En 2025, l’équipe de l’environnement de l’APFC a remis aux membres les rapports annuels révisés sur l’analyse comparative de l’énergie et de l’environnement, qui reflètent les nouvelles conditions générales d’enquête afin de protéger l’information propre aux scieries tout en donnant des données précieuses sur le secteur. L’approche mise à jour assure que les rapports sont remis aux entreprises non membres qui répondent à l’enquête pour toutes les installations de fabrication primaire afin d’assurer que les membres de l’APFC bénéficient d’une valeur ajoutée pour leur soutien à l’enquête et de permettre une analyse complète des données et une analyse comparative pour l’ensemble du secteur. L’APFC va continuer à recueillir les commentaires des membres, à améliorer l’analyse des données à l’aide d’outils comme Power BI et à mettre à jour ses futurs rapports afin de maximiser la valeur ajoutée pour ses membres.

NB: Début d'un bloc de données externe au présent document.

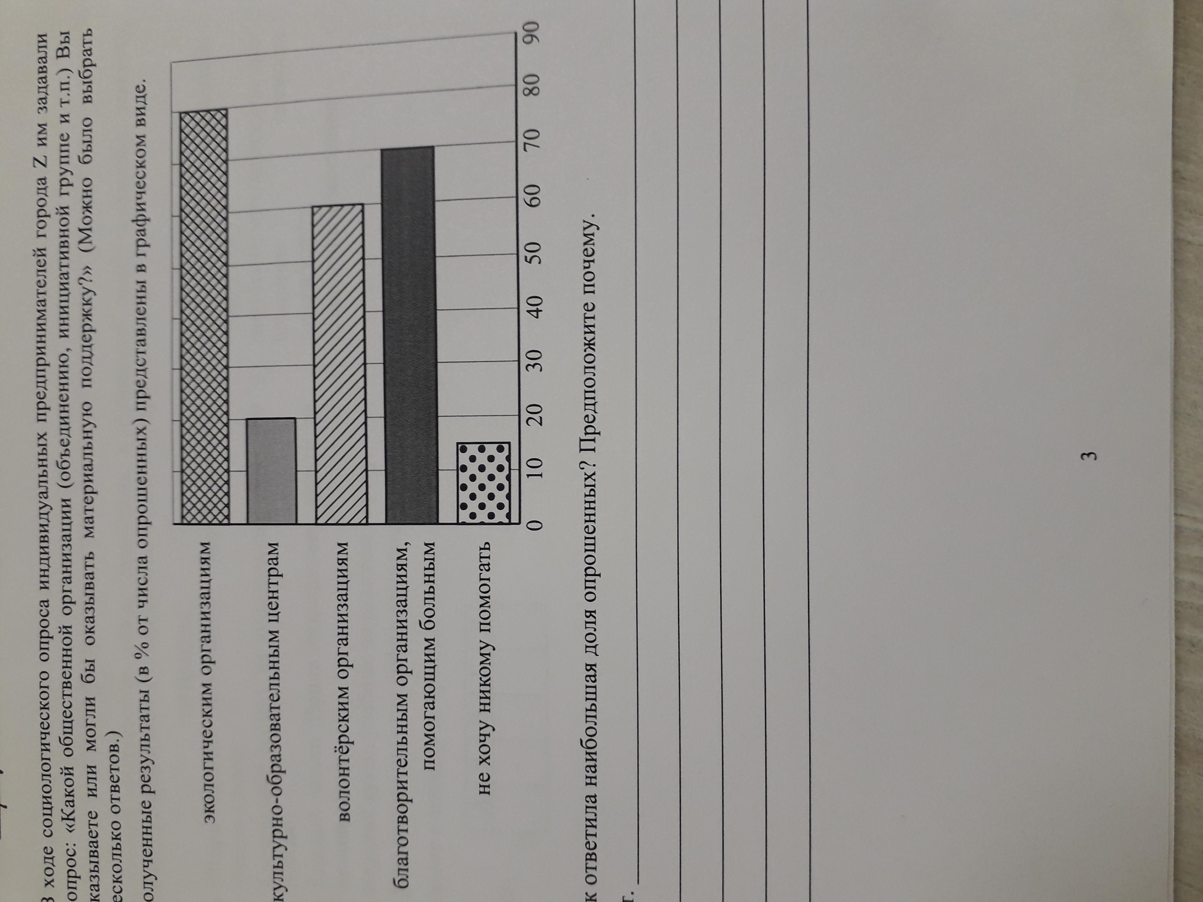 В ходе социологического опроса индивидуальных предпринимателей города Z им задавали вопрос: <<Какой общественной организации (объединение, инициативной группе и т.п.) Вы оказываете или могли бы оказывать материальную поддержку?>> (Можно было выбрать несколько ответов.)

L’APFC et le NCASI ont coordonné les réponses de l’ensemble du secteur aux consultations fédérales et aux demandes d’information sur les substances perfluoroalkyliques et polyfluoroalkyliques (SPFA). Dans le cadre de l’approche de gestion des risques proposée par le gouvernement, l’APFC et le NCASI ont fait des commentaires conjoints soulignant la nécessité que la politique soit axée sur l’élimination progressive des SPFA ajoutés intentionnellement, plutôt que sur les concentrations résiduelles ou à l’état de traces. La soumission a également souligné l’importance de délais de transition flexibles et de solutions de rechange éprouvées pour soutenir la sécurité des opérations des scieries. En décembre 2025, l’APFC et le NCASI ont fait des commentaires sur la proposition d’interdire les SPFA dans les mousses extinctrices, qui ne sont actuellement pas réglementées au Canada, préconisant une mise en œuvre pratique et des directives claires pour le secteur. En 2026, l’APFC va continuer à collaborer avec le NCASI et à participer activement aux consultations gouvernementales sur la gestion des produits chimiques.


En 2025, l’APFC a été désignée parmi les 20 meilleurs endroits où travailler à Ottawa, une reconnaissance qui témoigne de son engagement envers une culture de travail positive et axée sur la performance. Les membres de l’équipe décrivent de façon constante l’APFC comme un milieu de travail collaboratif et soutenant, caractérisé par un leadership accessible et de réelles possibilités de développement. De nouvelles initiatives en matière de rétroaction, d’accueil et de développement professionnel, combinées à des programmes de mieux‑être continus, ont contribué à renforcer l’engagement du personnel. Cette reconnaissance confirme la volonté de l’APFC de créer un environnement où l’équipe s’épanouit et où l’organisation génère une valeur durable pour ses membres et pour le secteur.

En juillet, les équipes de l’APFC et du Conseil canadien du bois ont visité les scieries Domtar et LP à Maniwaki, au Québec. Cette expérience pratique a donné au personnel une occasion unique d’observer directement les opérations, lui permettant de mieux comprendre le secteur et le dévouement des gens qui travaillent sur le terrain. Nous continuons à renforcer notre solide culture d’équipe par des environnements de travail collaboratifs, des possibilités de croissance et de perfectionnement, des activités sociales et un engagement communautaire.